Creating virtual labs has been a challenge during this rollout. Teaching Assistant Professor Karin Jensen who instructs BIOE 202 Cell & Tissue Engineering Lab, tackled this enormous task with the help of her undergraduate TAs. "We made a virtual lab practical," said Jensen. "Students can watch someone perform parts of an experiment and critique their technique as a short answer response." Canvas also serves as a discussion board for students to remotely engage with each other.

Additionally, the TAs have created a hemocytometer simulator in MATLAB. "Students would get a hemocytometer image as they would on a microscope; they have to evaluate and perform calculations based on the cell image to simulate what they would do when looking at the cells under the microscope," explained Jensen. She plans to also be available on Zoom during her normal class times as another communications touchpoint with students.

Jensen particularly wanted to recognize TAs Benjamin David and Faisal Masood who are graduating seniors in the department. "They have been phenomenal students and have been very creative and doing fantastic work during this critical time," she commended.

As for these students, "This experience has been very surreal.
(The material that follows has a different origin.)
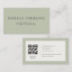 Promote your esthetician services with this modern sage green business card featuring a QR code for easy access to your booking link, portfolio, or contact page. The soft sage tone creates a soothing, natural feel — perfect for spa professionals, skincare specialists, and beauty therapists. Clean typography and a minimalist layout ensure a refined, print-ready finish that enhances your brand’s calm professionalism.

At first, it was definitely a very abrupt transition," said Masood. "Although it is unfortunate that I will not be able to spend the rest of my senior year on campus, I am thankful for all the experiences I have already enjoyed [here]." David noted, "as students ourselves, we have helpful insights into what may or may not work. In reality, there is no substitute for the in-lab experience, but we are trying our best to find creative ways to present the most important information (without all the pipetting!)"

Masood offered this word of advice to fellow students, "stay positive in these frustrating times and pay even more attention to your classes than normal." David added, "it will be extremely important to communicate with the instructors. Their goal is to get everyone on the same page!"

The faculty urges everyone to remain flexible and adaptable. At the end of the day, "the message that I want the students to hear is that we care about you," said Jensen. "We are going to miss you in class and we are here to support you in any way we can."